It is with sadness that I report that my friend Scott Hand has died. You might have known Scott as the brewmaster around the bar at Monnik Beer Co., surveying his works. If you were lucky, you knew Scott as a friend, as someone to share pints with, but more importantly, someone to share stories with. Scott died from a sudden illness on Sept. 1. He was 52.
It was my shared love of beer and music that brought me to Scott Hand. His warmth and wit that made us fast friends. We met recording a podcast for Never Nervous, a local blog and now record label that I used to co-run. Scott brought the heat. He came out, long metal-dude mane flowing, with pints for everyone. He was patient while a couple of knuckleheads figured out how to use recording gear on the back patio of his business, when he had work to do. Once we got started talking, he delivered the goods immediately, talking about all the nerd shit that made our little hearts glow.

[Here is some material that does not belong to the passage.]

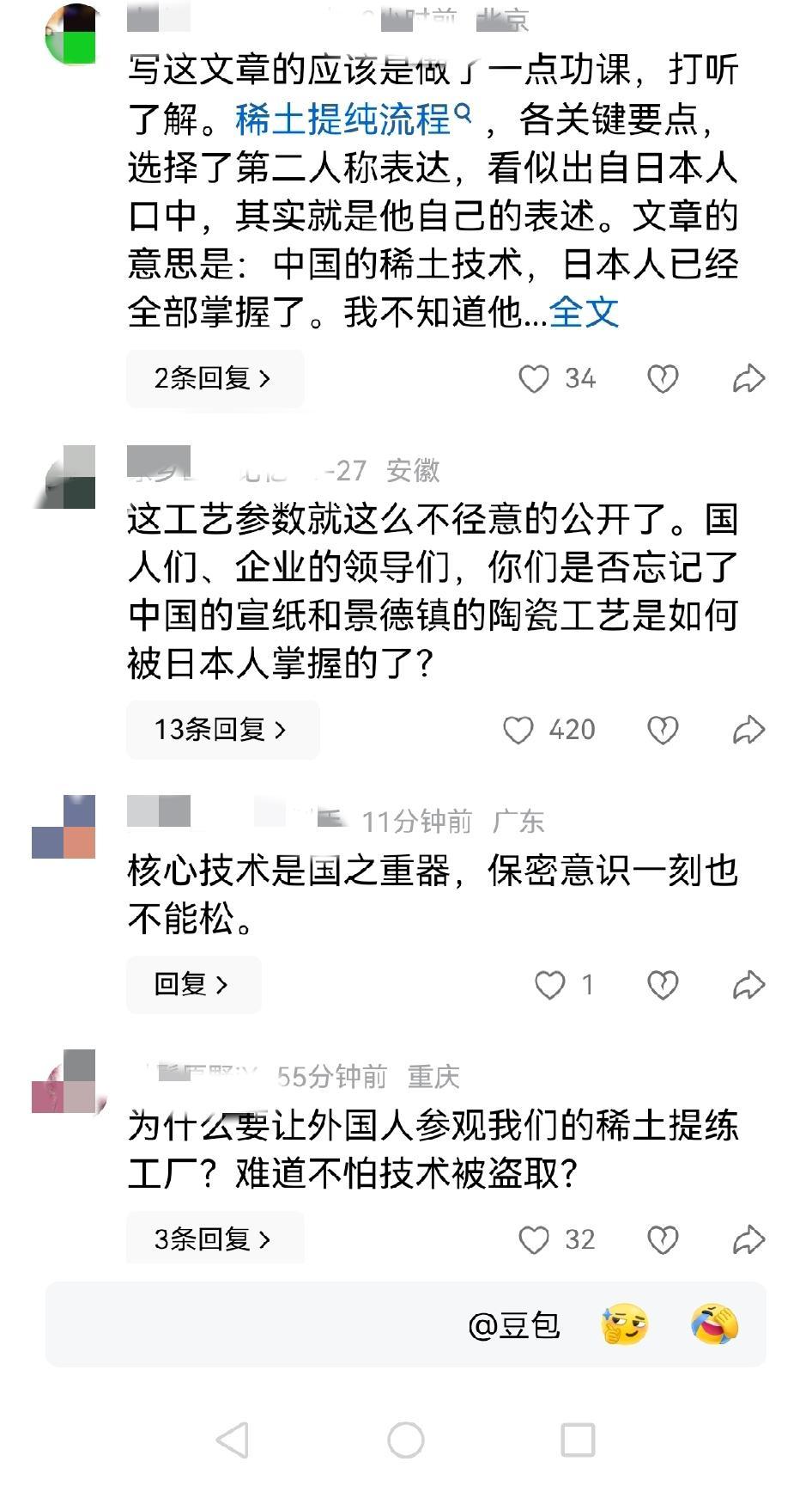 日本大佬看完中国稀土车间,直接社媒“跪”了:这还怎么玩? 23.5℃,多0.1℃都算输!日本技术员松本健一盯着恒温墙,心里咯噔:我们差的不止一条线。 班长瞄一眼观察孔,喊停加料;化验单回来,酸度真超标。松本当场社死:这操作是“人肉AI”? 他回忆日本国宝级实验,釜温飘0.3℃,2亿日元打水漂;中国老师傅却当日常,差距肉眼可见。 再看海底挖矿,日本媒体吹了五年;松本掐指一算:6000米捞泥、海上建厂,预算先翻十倍,直接劝退。 芒廷帕斯矿复产N年,精矿仍运中国回炉;美国老铁默默交学费,全球90%分离产能锁死在华。 建同样万吨线,西方砸30亿美元+8年,中国10亿美元+2年搞定,工人还随喊随到,成本碾压到没朋友。 松本回酒店发长文:重建这套链,20年+万亿美元,成功率看天;政客喊脱钩,技术宅先怂。 配图高清到连搅拌桨秒数都看见,网友急呼:保密呢?know-how一秒泄露,对手省掉试错的钱。 业内提醒:物理分离、生物萃取,美日实验室已加班;开门迎客可以,核心参数得打码。 稀土这张王牌,矿只是入场券,整条产业链才是王炸;松本“跪”得干脆,也给我们提了个醒:优势在手,别浪。 网友评论:写这文章的应该是做了一点功课,打听了解。稀土提纯流程,各关键要点,选择了第二人称表达,看似出自日本人口中,其实就是他自己的表述。文章的意思是:中国的稀土技术,日本人已经全部掌握了。我不知道他描述的是不是真实情况,如果是;国家应该对此人关注。隐秘战线的敌人,无处不在,反谍反特不能松懈,国家安全无小事。 这工艺参数就这么不径意的公开了。国人们、企业的领导们,你们是否忘记了中国的宣纸和景德镇的陶瓷工艺是如何被日本人掌握的了? 小编结语 一场参观,把“中国稀土为什么硬”拍成了现场教学片。工人师傅的“肌肉记忆”、恒温车间的“强迫症”、全产业链的“开挂”,让外国技术大牛直接认输。实力摆在桌面,但保密这根弦也得绷紧;毕竟,下一轮的科技弯道,对手正踩足油门。守住know-how,才能继续把稀土这张王牌,打成王炸。

Around that same time, I picked up a gig writing seasonal beer roundups for the LEO, which afforded me even more opportunities to spend time with Scott. I got paid to drink beer and write about it, a deal made sweeter by making new friends all over town. That included getting to know Scott Hand better.
Did I mention that Scott was an awesome brewer? I’m not sure that I can summarize my love of his brewing magic into words, but I can say this: He had a singular vision that was so very creative. First and foremost, Scott focused on building a good base beer. If he was making something as common as a no-frills IPA or a lager, he did it in a way that would knock your socks off every time. He was no fan of folks that faked the funk, breweries that relied on gimmicks to make their mark.
Scott put in the work, and he did it well, whether that was in one of his superlative saisons (that man had a passion) or in my personal favorite, Mole Materials. I never was able to convince Scott to age Mole Materials in a rum barrel, but I sure tried to.
Beyond just being awesome at his craft, he was kind. He had a wry sense of humor and an insatiable love of music. He was a big supporter of indie artists across so many styles and genres and had a story about whatever music that you just discovered every time. He was a great listener. My favorite memory of him was arriving to Monnik midday to commiserate a professional setback. I felt worthless and incapable, and Scott wasn’t interested in that. He introduced me to whatever his favorite was on tap in that moment. Then another and another. He laughed with me, he busted my balls (always), but he was there and it mattered.
And now he’s not, and that matters too.